Sex and sensuality—going to bed for two entire days and sending out for Chinese food—was such an important part of my life, and it just isn't anymore. It's still there, but it's less important. I don't know how much of it is hormonal and how much of it is outgrowing it. (p. 256)


Postmenopausal Zest

I suffer the flagging immune system typical of the early postmenopausal years, and my energy vacillates from none to incredible. Phyllis Kernoff Mansfield, a researcher of female cycles at Penn State told Sheehy (1991):

I'll have a really long period of magnificent energy and acute mental functioning, even brilliance, when I'm never tired, always very up, producing like crazy. At first I thought, Oh! So this is going to be part of my new personality. Then just as suddenly I fell into a period of intense anxiety—and that lasted for a month. (p. 223)

As women's bodies become acclimated to the new levels of hormones in their postmenopausal bodies, these energy cycles level off, and then, if we love ourselves enough to be healthy, a new energy is discovered—Mead's postmenopausal zest kicks in.

The Change That Ends Changes

"It is the change that ends changes," wrote Greer (1992) of the menopause. "It is the beginning of the long gradual change from body into soul. . . . The fifth [climacteric] is exceeded in significance only by the grand climacteric of dying. The climacteric is not a rite of passage, but the passage itself" (p. 49).

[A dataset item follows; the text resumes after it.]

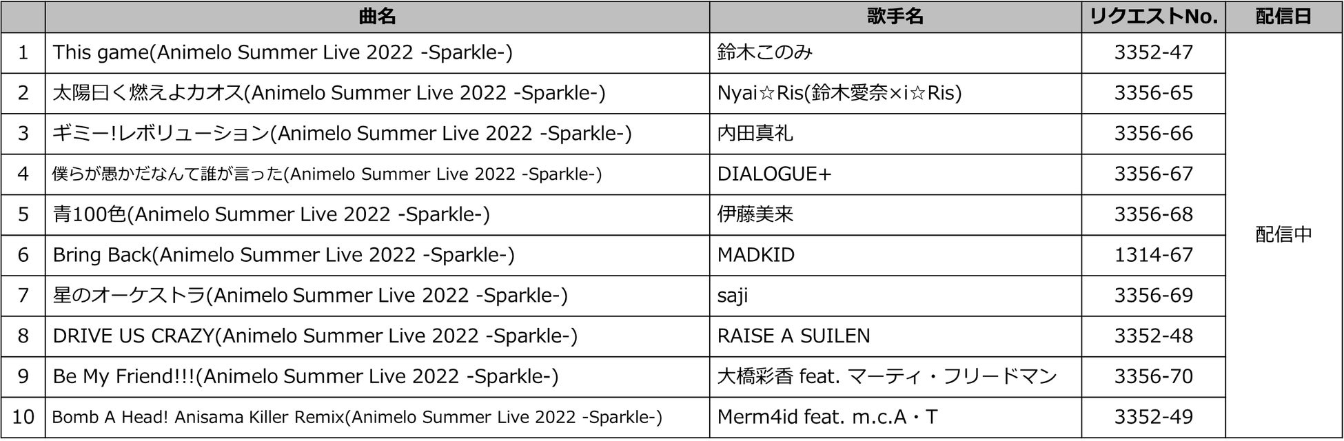 - Animelo Summer Live 2022 -Sparkle- LIVEカラオケ配信曲

"The fifth climacteric is the time when a woman plans the rest of her life," wrote Greer (1992), "if she has not the financial resources, the education or the energy, it is not too late to acquire them" (p. 6). Now involved in intense study to complete my long-postponed college education, I have also done work in exploring my childhood, looking for self-defeating patterns, exploring the meaning of my life passage. I am getting to know me. I am becoming important to me.

Greer (1992) called it "the difficult transition from reproductive animal to reflective animal" (p. 24). Sounds like menopause to me! And I find it extraordinarily interesting.


References

Cutler, W. B. (1988). Hysterectomy: Before & after. New York: Harper & Row.

Doress-Worters, P. D., & Siegal, D. L. (1994). Chapter 10: Experiencing our change of life: Menopause. In P. B. Doress-Worters & D. L. Siegal (Eds.), The new ourselves, growing older: Women aging with knowledge and power (pp. 118–132). New York: Simon & Schuster.

Greer, G. (1992). The change: Women, aging and the menopause. New York: Alfred A. Knopf.

Heilbrun, C. (1991, Summer). Naming a new rite of passage. Smith Alumnae Quarterly, pp. 26–28.

van Keep, P. A., Greenblatt R. B., & Abeaux-Fernet, M. (Eds.). (1976). Consensus on menopause research: A summary of international opinion. Baltimore: University Park Press.

Perry, S., & O'Hanlan, K. (1992). Natural menopause: The complete guide to a woman's most misunderstood passage. Reading, MA: Addison-Wesley Publishing Company, Inc.

Sheehy, G. (October, 1991) The silent passage: Menopause. Vanity Fair, pp. 222–263.

West, S. (1994). The hysterectomy hoax. New York: Doubleday.